Back in 2006 I did what academics do when they want to see if something is a good idea: they get a student to try it out first! I offered to undergraduates, as a final year project topic, the problem of finding a simple linear regression model for predicting sailing handicaps.
It was fortuitous that a student stepped forward who was very able and a sailor. He obtained data on 50 boats in the Caribbean Sailing Association (CSA) and showed that a simple formula using waterline length, beam and sail area gave a respectable approximation to the CSA performance ratings.
My target was closer approximation, but the project demonstrated the potential.
(The student, by the way, won a national prize for his work.)
It is some years now since I had my arm twisted into looking at the possibility of developing a simple and statistically sound formula for producing a yacht handicap based only on basic boat measurement data.

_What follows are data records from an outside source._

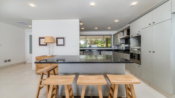 As you enter, youre welcomed by a spacious open-plan living area and an elegant kitchen featuring a center island and discreet scullery, ideal for both style and practicality. The living space flows effortlessly onto a partially covered patio with a private swimming pool and breathtaking sea views, perfect for entertaining or relaxing.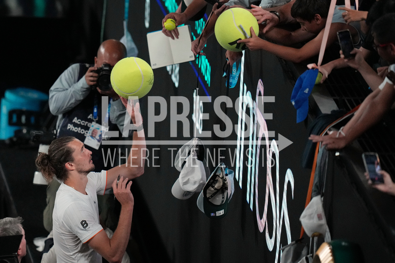 Alexander Zverev of Germany signs autographs for fans after defeating Learner Tien of the U.S. in their quarterfinal match at the Australian Open tennis championship in Melbourne, Australia, Tuesday, Jan. 27, 2026. (AP Photo/Dita Alangkara)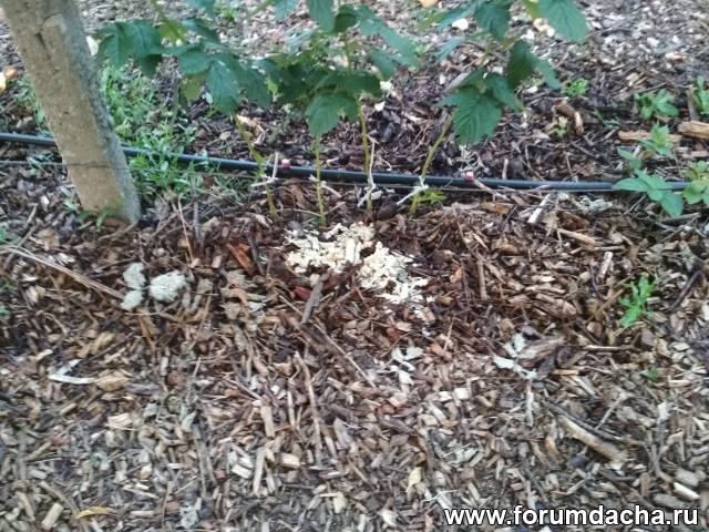 С месяц назад замульчировал ею 15-ти см. слоем без навозной прослойки посаженный в прошлом году малинник (около 35 кв.м), обильно пролил водой и поверху сдобрил аэрированным настоем из 1 ведра свежего козьего навоза и 2-х ведер этой же щепы на 200л. воды.
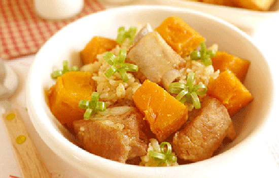 材料:南瓜、猪小排、大米、基本的配料适量、少量老抽,少量料酒。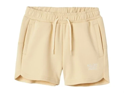 Shorts i beige sweatkvalitet fra Name It med broderet tekstprint og afrundede benkanter – en casual style til sommergarderoben.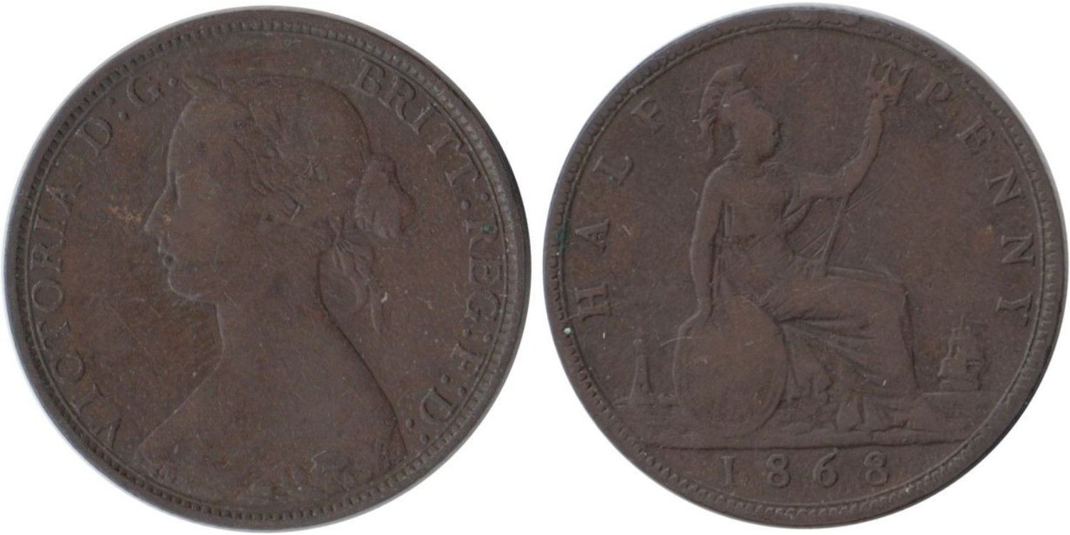 GRAN BRETAÑA - K-0748, 1/2 PENNY 1868 MBC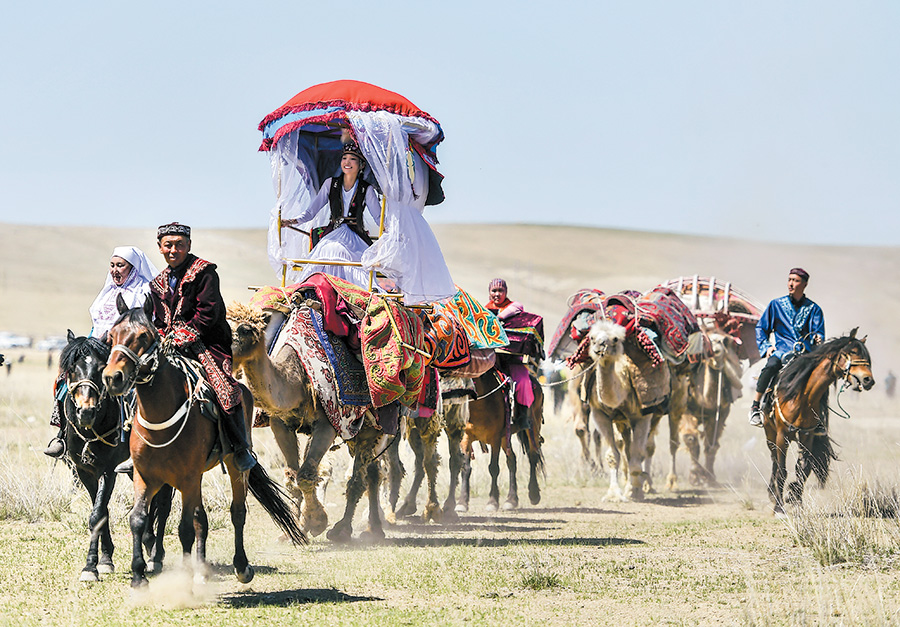 The Million Altay Sheep Transition Cultural Tourism Festival is held in the Shaerbluk transition cultural tourism town, Fuhai county, Xinjiang, on June 4.[Photo by Liu Xin/China News Service]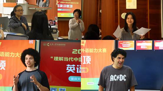 大赛分英语专业组、非英语专业组分场开赛。英语专业组由外国语学院英语系盛荔、卢敏、邹虹瑾等3位老师担任比赛评委,非英语专业组由外国语学院大外中心课程组王旭、熊菲、刘琳、李筱梅、尹晓宇以及外教Enrico Mancarella、Joshua Mattei-Lownes等7位老师担任比赛评委。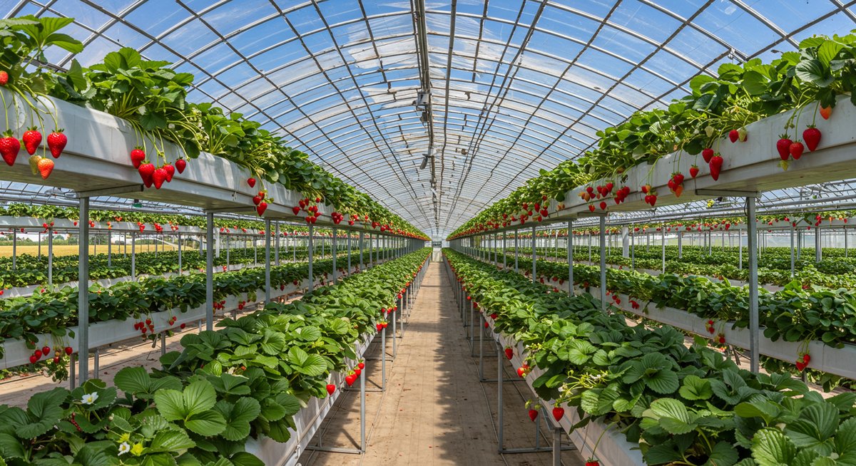 高設栽培では、安定した環境を保つためにビニールハウスがよく使われます。ビニールハウスは外部の天候に左右されず、イチゴが最も生育しやすい気温や湿度を維持しやすい利点があります。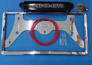 JB23/33/43用。リアゲート内側からステーを出し、上方を両面テープで固定する、穴あけ不要のナンバー土台。外れたりばたついたりはなく、しっかりと固定できる。ナンバー灯はプラスチックボディのLEDナンバー灯。14.300円(税込) ブラック枠は+550円(税込)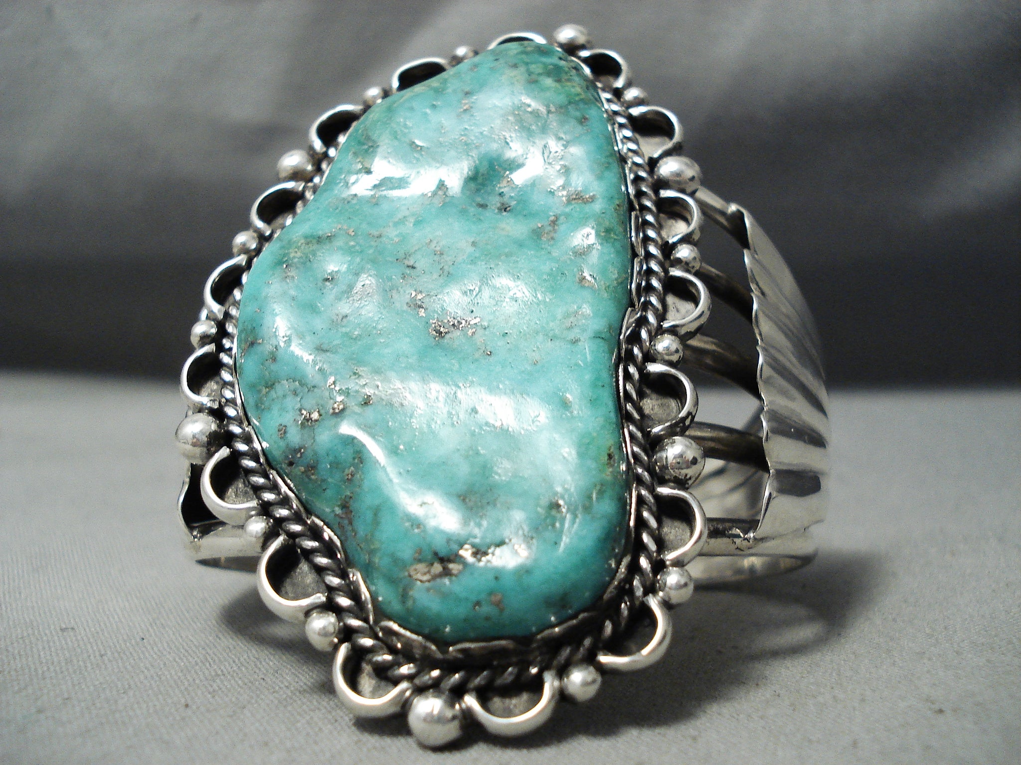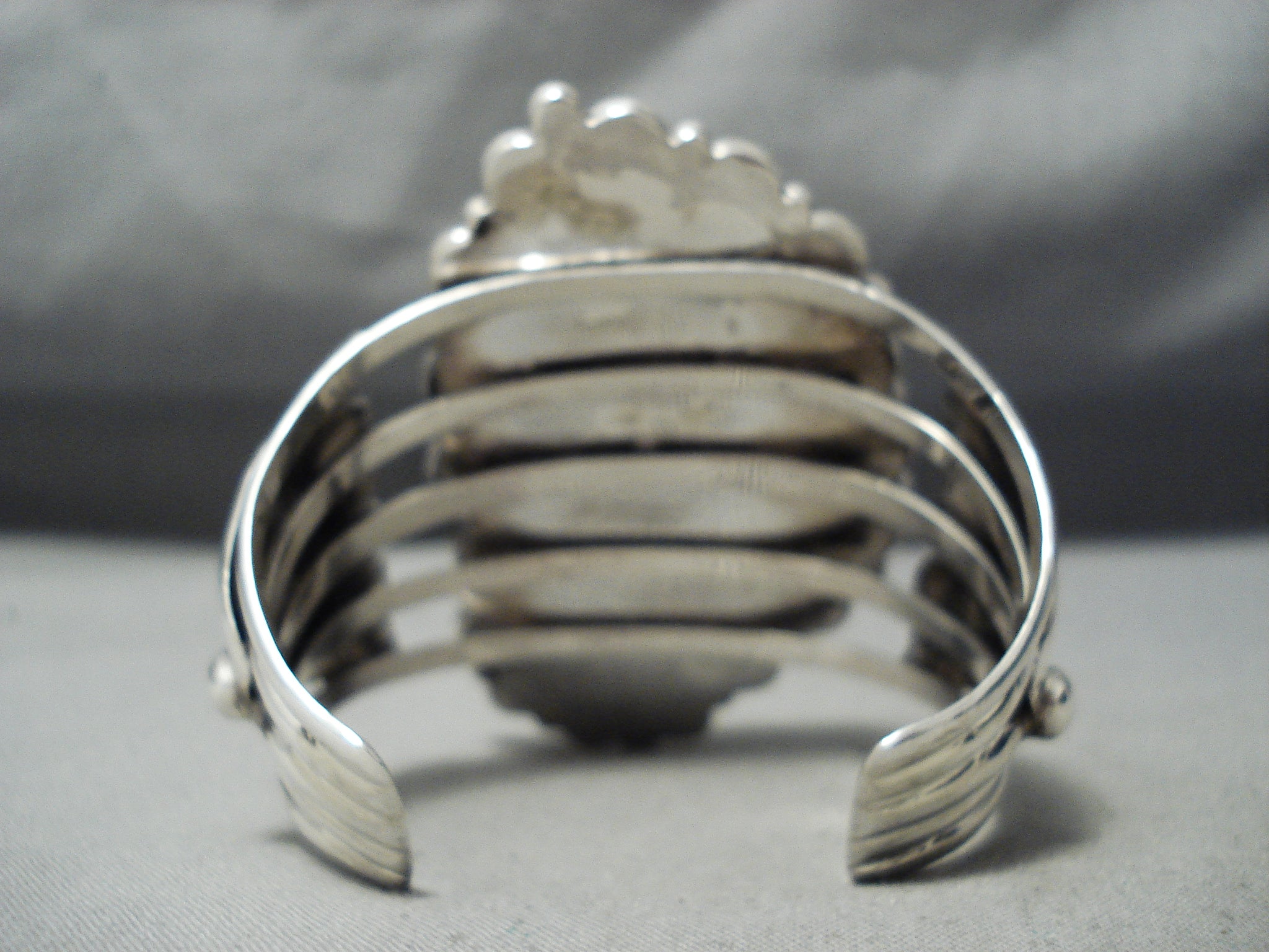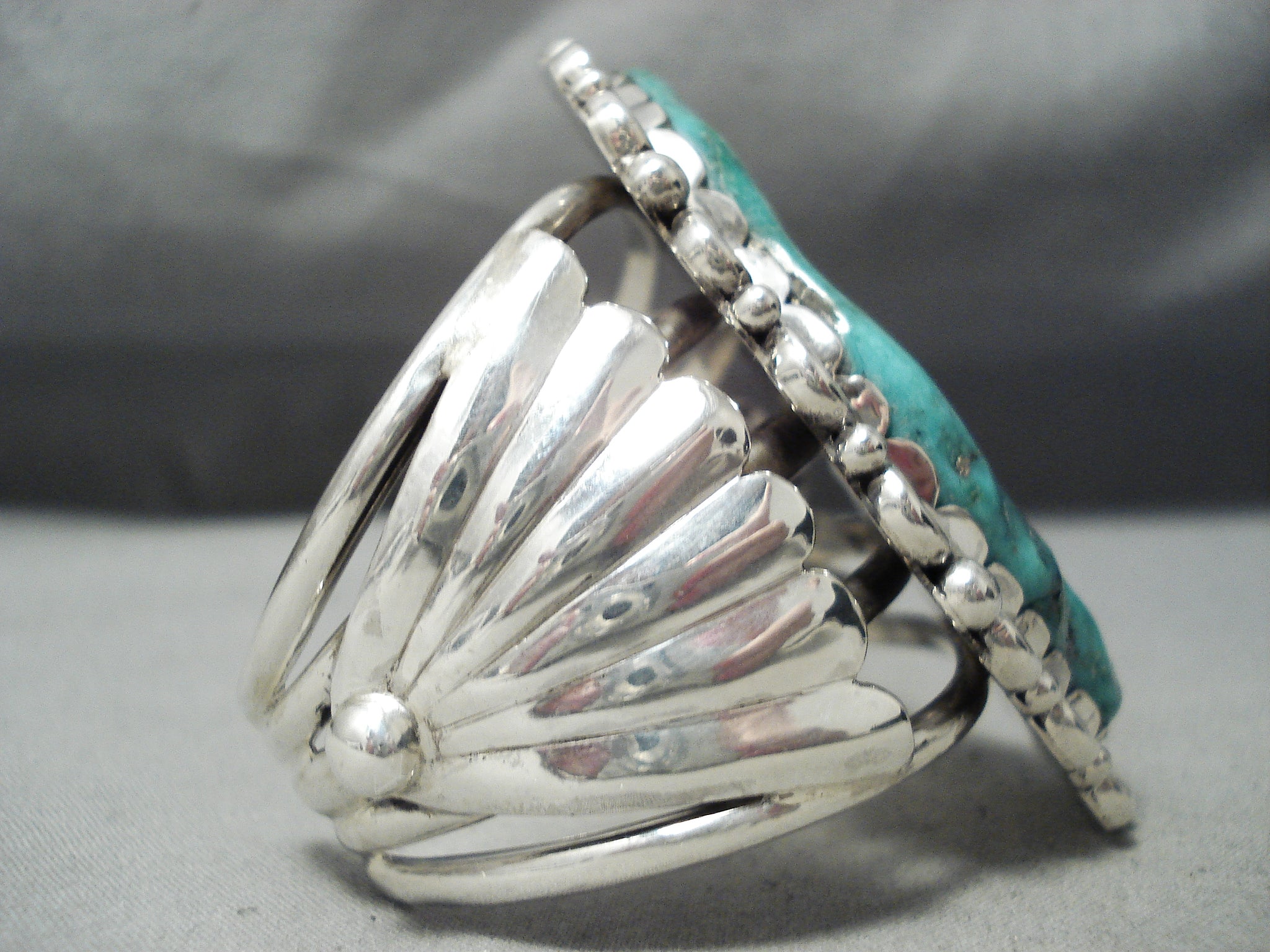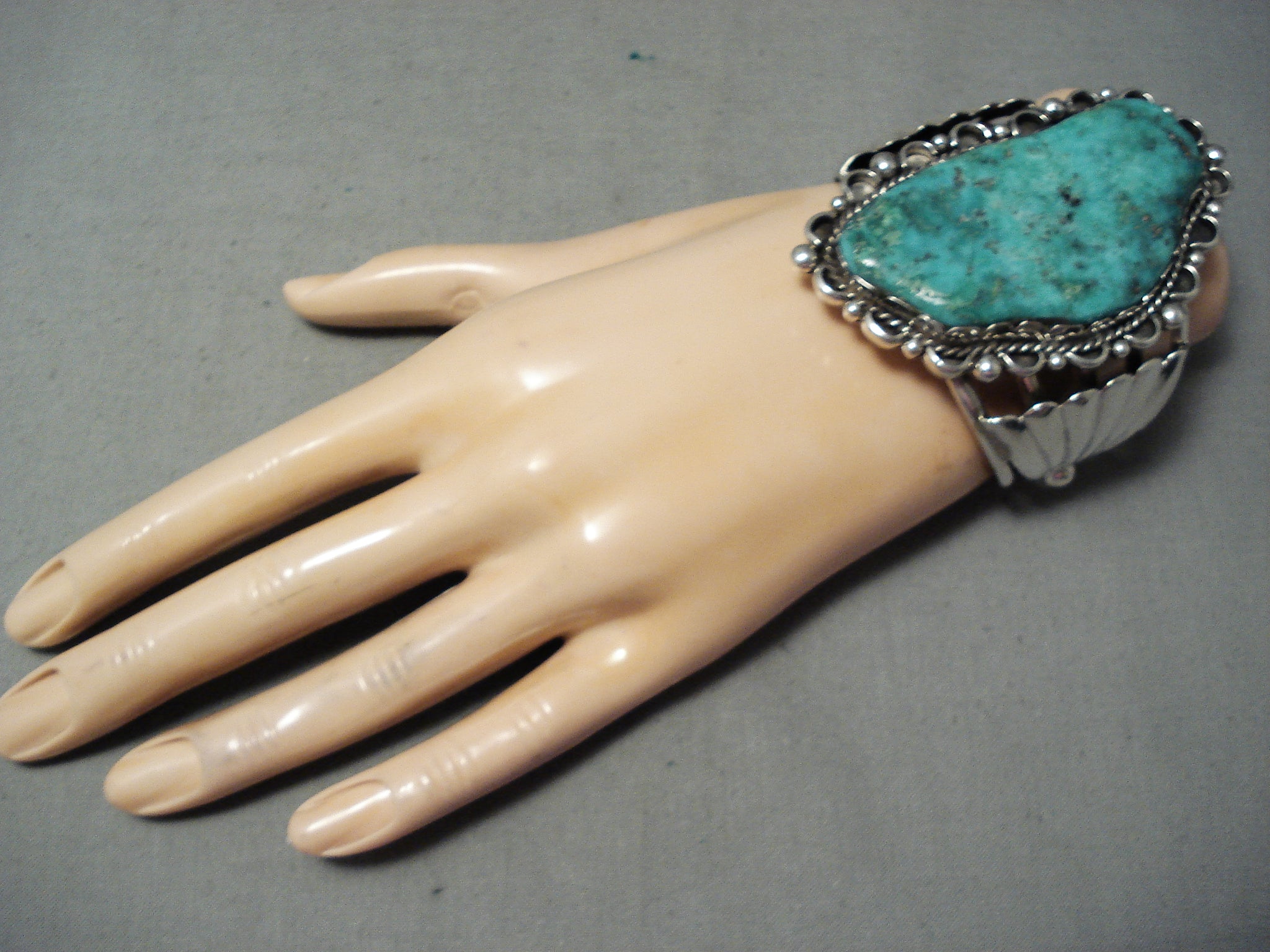 One Of The Craziest Vintage Native American Navajo Big Turquoise Sterling Silver Flank Bracelet

Why did I need to be persuaded? First of all, I know that this is the stuff of much argument in the common rooms and bars of sailing clubs. Second, how do we know what is the perfect handicap rating for a boat? The vast majority of handicap setting is based on performance data. The problem with this is that too few data are available for each of the many hundreds of different types of boat out there, and what there is will be contaminated by factors due to crew, weather and sailing environment.
In spite of the reasons for not getting involved, in the end I could not resist the challenge of this enticing, but very frustrating problem.